We recognize that using antiparasitic drugs for production purposes is prevalent in the U.S. cattle industry, as Dr. Gasbarre suggests. We think there needs to be a paradigm shift within the cattle industry away from these illegal production uses. This type of proactive change will help approved antiparasitic drugs remain effective for longer.

We also want to point out that Dr. Gasbarre’s comments address statements made in both Bovine Veterinarian’s article and our brochure. For clarity, the opening statement that Dr. Gasbarre takes exception to (“Today’s antiparasitic drugs generally remain effective against cattle parasites in the United States…”) is the opening statement of Bovine Veterinarian’s article, not our brochure. In fact, like Dr. Gasbarre, we also take exception to this statement, and our brochure clearly states that resistance to antiparasitic drugs is emerging in the United States.

Finally, we agree with Dr. Gasbarre’s closing statements, “We need to make sure that producers are using sustainable parasite control programs. This requires the use of the right classes of drugs at the right times, and proper pasture management again done at the right time.” He gets at the crux of sustainable antiparasitic drug use that we are promoting in our Antiparasitic Resistance Management Strategy (ARMS).

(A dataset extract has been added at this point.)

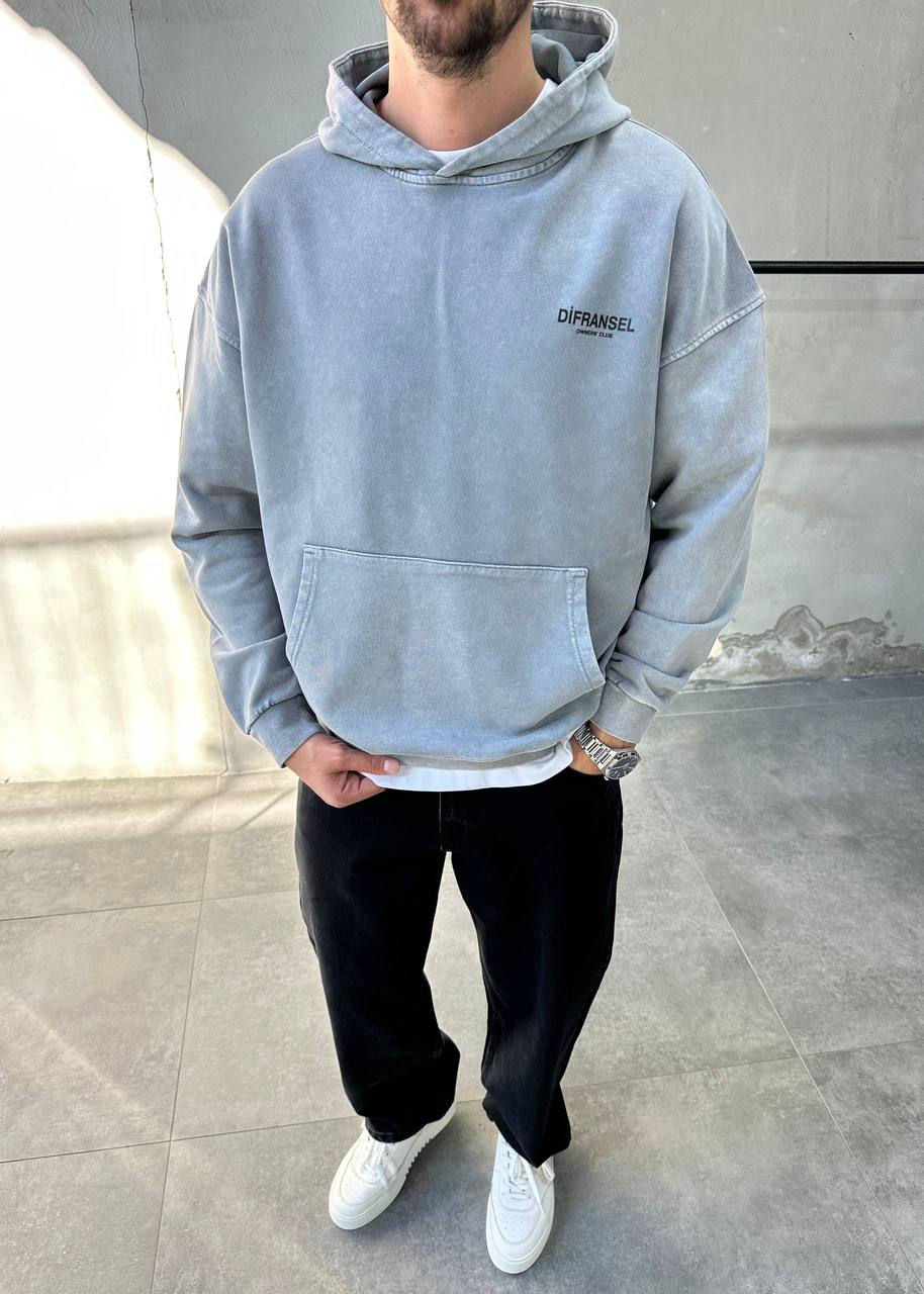 Чоловіче Сіре Худі Оверсайз – Бавовняне Варене

Our goals in publishing the brochure were twofold: (1) to make veterinarians more aware of the problem of antiparasitic resistance in cattle and small ruminants in the United States; and (2) to provide veterinarians with a starting point for managing antiparasitic resistance by using appropriate antiparasitic drug therapy along with good management practices.

We realize antiparasitic resistance is a complex topic and encourage further dialogue between bovine practitioners, producers, members of academia, and FDA.”